GLM 5.2 and the AI Inference Margin Collapse
Original: GLM 5.2 and the coming AI margin collapse
Why This Matters
Open-weights models at frontier quality threaten the high-margin inference business model of leading AI labs.
Z.ai's GLM 5.2 is identified as the first open-weights model competitive with Anthropic's Claude Opus and OpenAI's GPT-5.5. Analyst Martin Alderson argues this signals a coming collapse in AI inference margins, where frontier labs currently earn roughly 90% gross margin on compute costs.

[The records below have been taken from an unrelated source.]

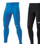
LEGAL Uniform Bottoms with single manufacturer logo, NO decorative waistband or crotch outline

NOTE: The ultimate responsibility to have each competitor compliant with jewelry and uniform rules is with the coach. Coaches should inspect any/all garments that competitors wear to ENSURE that they are in compliance with the GHS Missouri & NFHS Jewelry and Uniform Rules!!
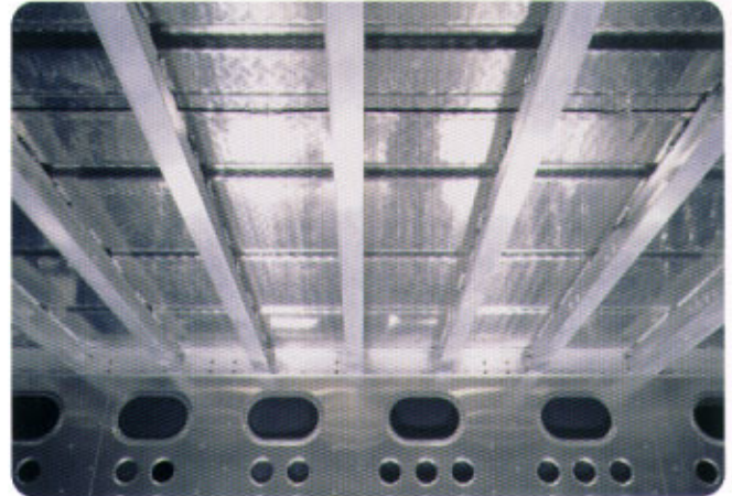
Welded 3" I beam cross members coupled with "Super High Grip" diamond plate floors with unsurpassed diamond height and edge sharpness and you have the long-life, leak-resistant floor that Merritt has always been known for.
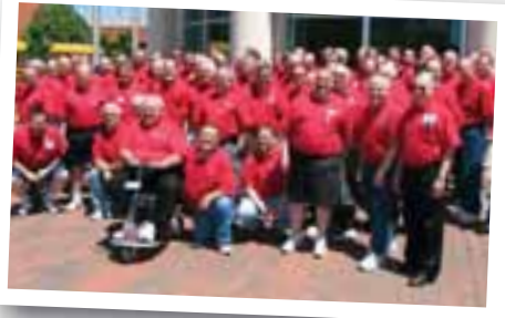
The Sound of Illinois Chorus is back by popular demand!

Bring the whole family and join us for lunch, great entertainment, and an opportunity to win great prizes.
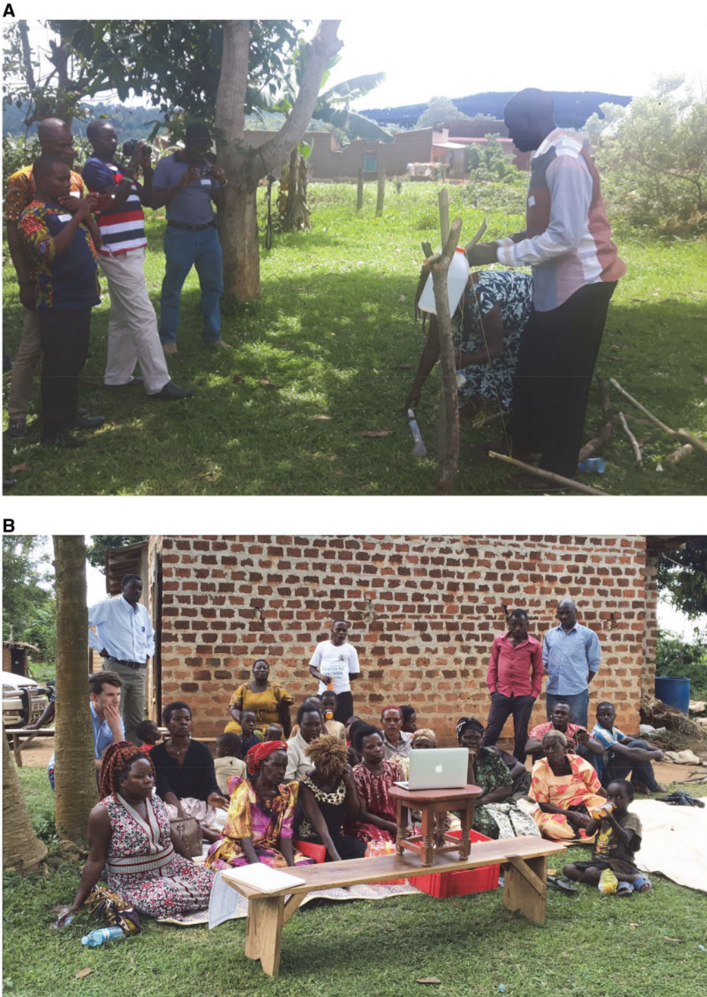
Fig. 2: Two Ugandan CHWs demonstrating how to construct a low-cost tippy-tap for hand washing (A). In the background Ugandan and Ghanaian CHWs can be seen videoing the demonstration. In (B) villagers watch the workshop video (05:39 min; Elimu Health 2018 ).
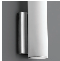
-20 Polished Nickel
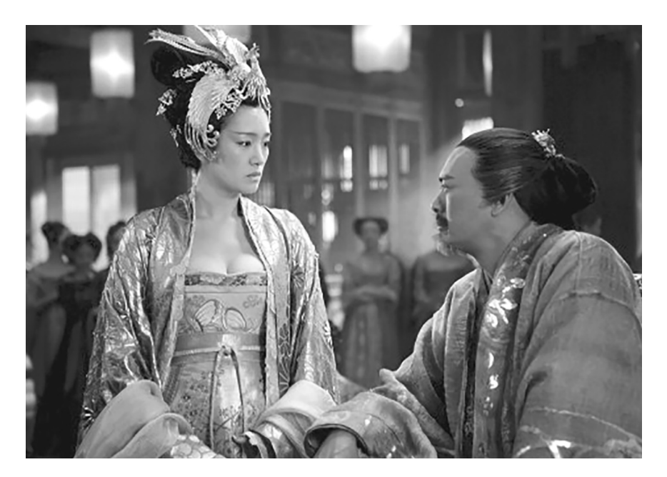
Figure 1.2 Gong Li and Chow Yun-fat are in the main cast of the Chinese epic drama, Curse of the Golden Flower (2006), which exhibits the appeal to the global film market

2010) as polysemic, multi-dimensional, and hybridised, not lying in the paradigm of the Orientalised image as their action counterparts whose transnational profile was more Hollywood-oriented. Their star presence embodies 'mutating currencies of transnationality' (Lee 2011: 1), which seems more complex and unstable than the outcome of mere 'Hollywoodisation' or 'Americanisation'. It coincides with Lisa Funnell's (2013b) argument that it is necessary for transnational Chinese stardom to move beyond the Hollywood crossover and to consider the stars within Chinese industrial contexts (118). It also prompts us to reevaluate the transnational Chinese image without presuming that globalisation is always 'Western'. These famed figures present a cultural critique of the West, particularly Western modernity, and introduce change and complexity in hegemonic dynamics. Whereas the tension between Chinese-speaking stars and the Anglo-American system is often the critical focus, such tension was not set up as solely between the off-cited dichotomy of 'East' and 'West'. Rather, it is established in a network for connecting new visualities and communities, which emerged as a result of global capitalism (Yue and Khoo 2014: 4), reimagining Chineseness in the milieu of contemporary border-crossing stardom.
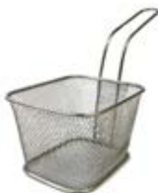
RECTANGULAR WIRE BASKET WITH HANDLE
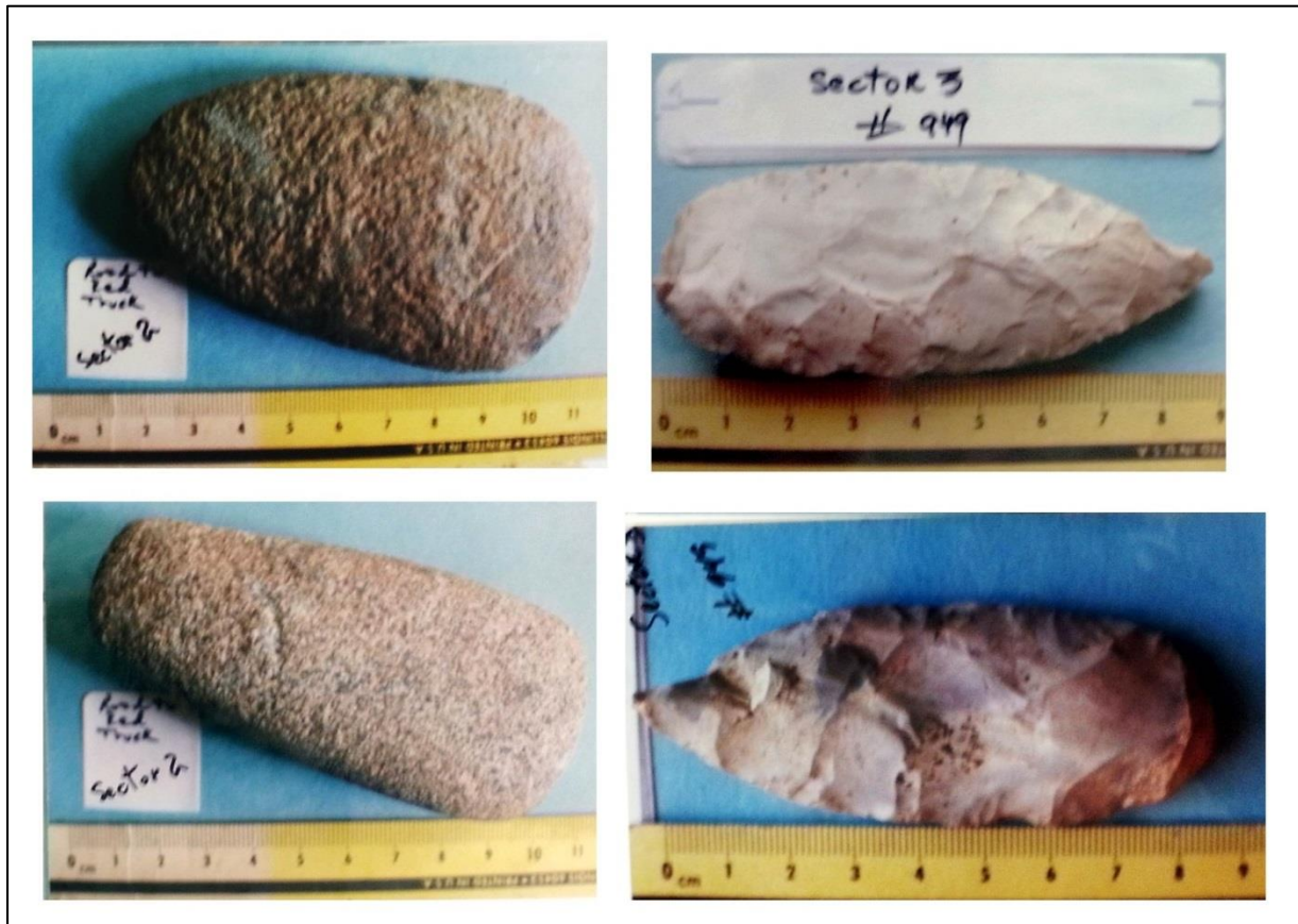
Figure 6: Sample of artifacts collected from the surface of the Oberling-Glenn Site by R. Scammyhorn.
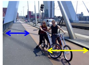
Erasmusbrug Rotterdam, Netherlands 6' sidewalks (2) 6' bike lanes (2) Total: 24'
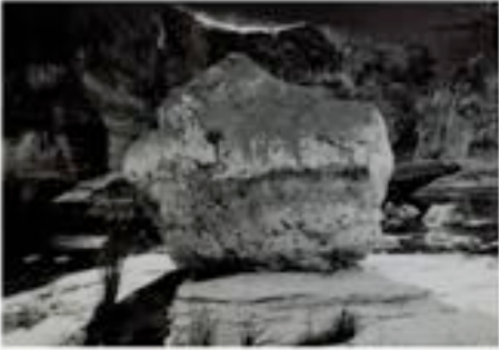
Shoshone Falls: High Noon, Binding Light and Heat, Boulder and The Snake River, Pillar Falls Canyon, Twin Falls County, Idaho, USA, 2003-2004
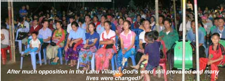
After much opposition in the Lahu Village, God's word still prevailed and many lives were changed!
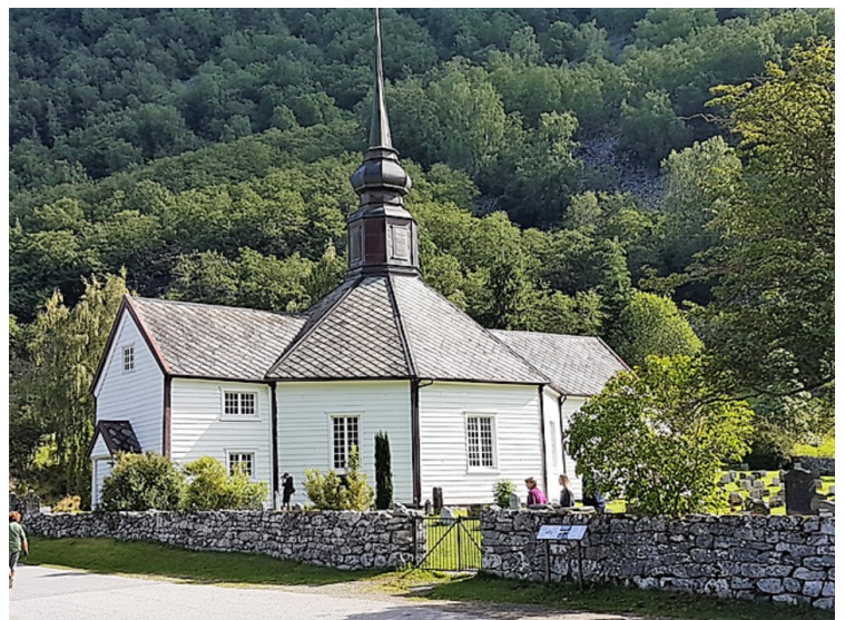
Norddal Church .

Martin Alderson, writing on his personal blog, argues that the real disruption in AI economics is not model training costs — a fixed, one-time expenditure — but inference, which scales with demand and carries genuine marginal costs. He estimates that frontier labs like Anthropic and OpenAI currently operate at approximately 90% gross margin on compute when charging $25 per million tokens, citing OpenAI's leaked financials showing ~60% gross margin on total revenue as a lower-bound reference. Alderson identifies Z.ai's GLM 5.2 as a meaningful milestone: the first open-weights model he considers a genuine competitor to Claude Opus and GPT-5.5. After several weeks of testing, he found quality near-indistinguishable from Claude Opus, his primary daily model. However, GLM 5.2 has notable weaknesses: it is slow due to extended chain-of-thought reasoning, lacks vision/multimodal support, and offers poor or absent web search capabilities. Alderson notes these gaps are significant for agentic workflows, where web search and image parsing are now routine. He flags third-party web search APIs as a high-potential area given this gap. The post is part one of a two-part series examining how open-weights models reaching frontier quality could structurally compress inference margins across the industry.